## [COLLECTED DATA]

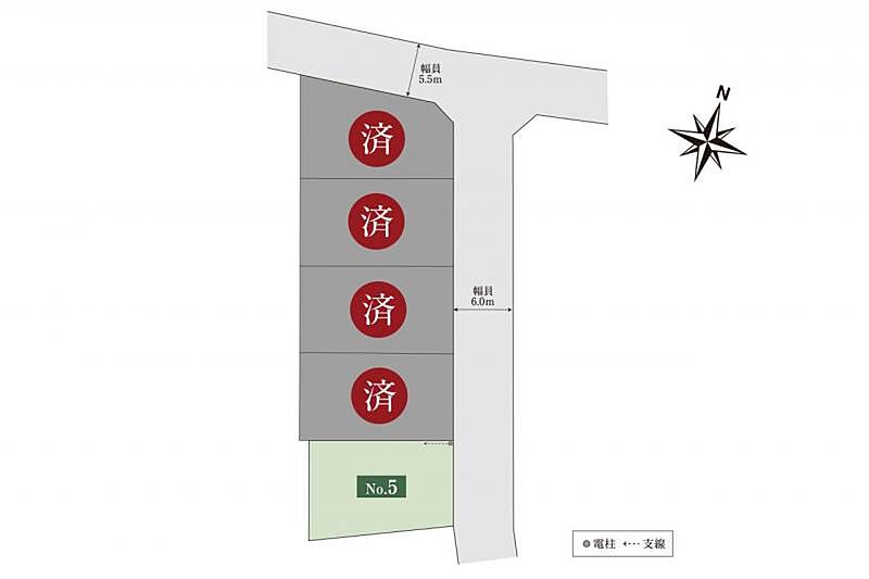 魅力3 約41坪の全5区画(当社分)、日当たり良好の分譲地。
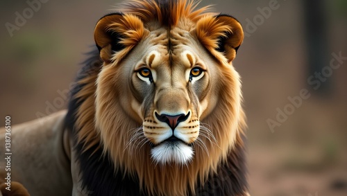 © Mena Bakhet, Obraz premium A lion displaying a big head and a lush mane, embodying strength and majesty in its natural habitat
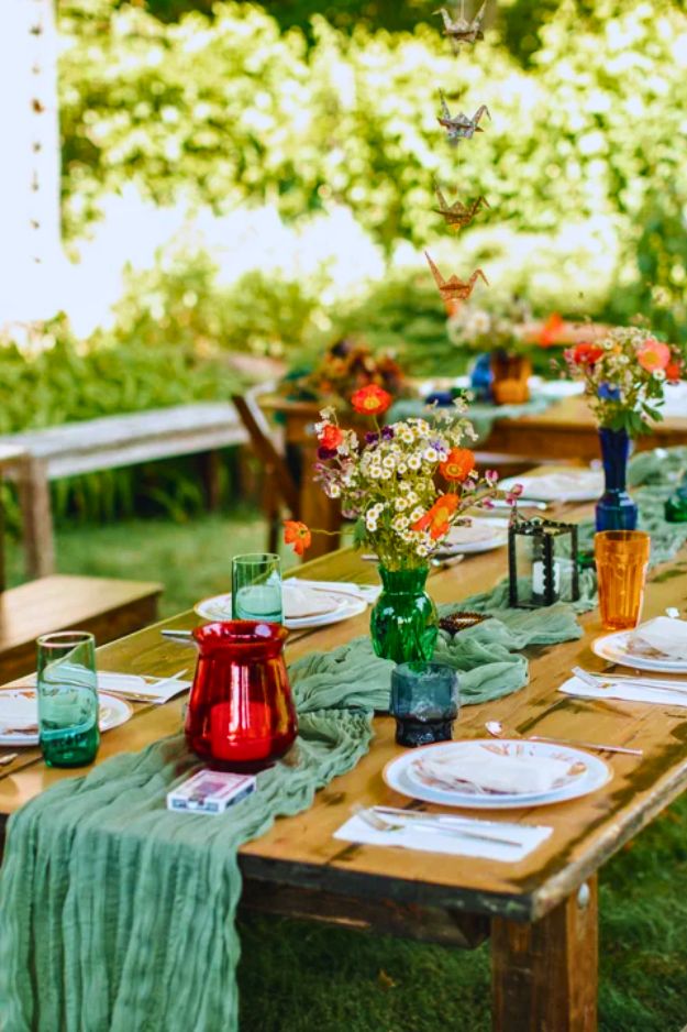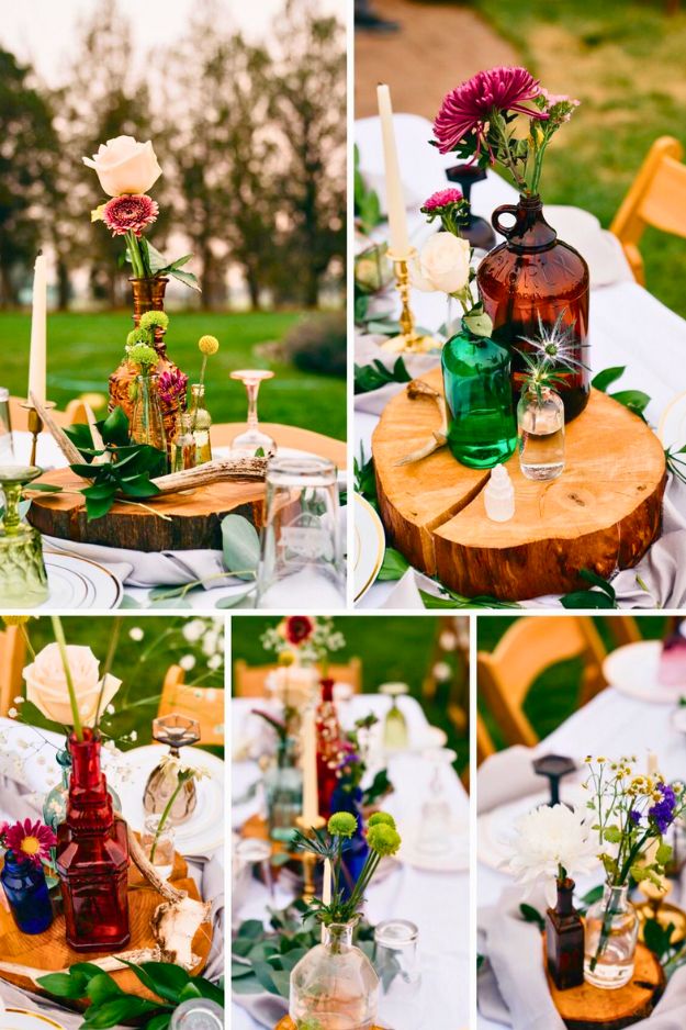 Held at her grandparents’ old log cabin, the setup was full of charm: colorful glassware, hand-painted placemats, and mason jars of local farm flowers.
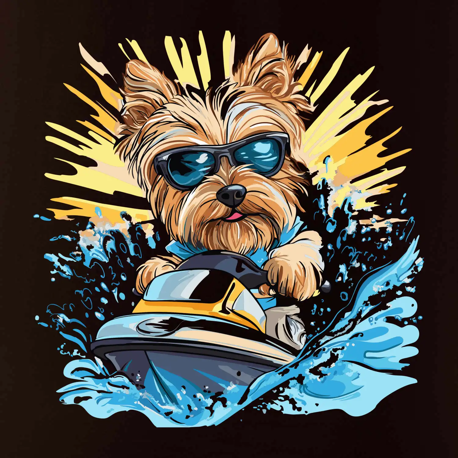 Yorkšírsky teriér na vodnom skútri

## [PROMPT]
Pictures do not belong in the copy; repeat the rest of the listing exactly.

## [ANSWER FOR THIS EXERCISE]
 魅力3 約41坪の全5区画(当社分)、日当たり良好の分譲地。
 © Mena Bakhet, Obraz premium A lion displaying a big head and a lush mane, embodying strength and majesty in its natural habitat
 Held at her grandparents’ old log cabin, the setup was full of charm: colorful glassware, hand-painted placemats, and mason jars of local farm flowers.
 Yorkšírsky teriér na vodnom skútri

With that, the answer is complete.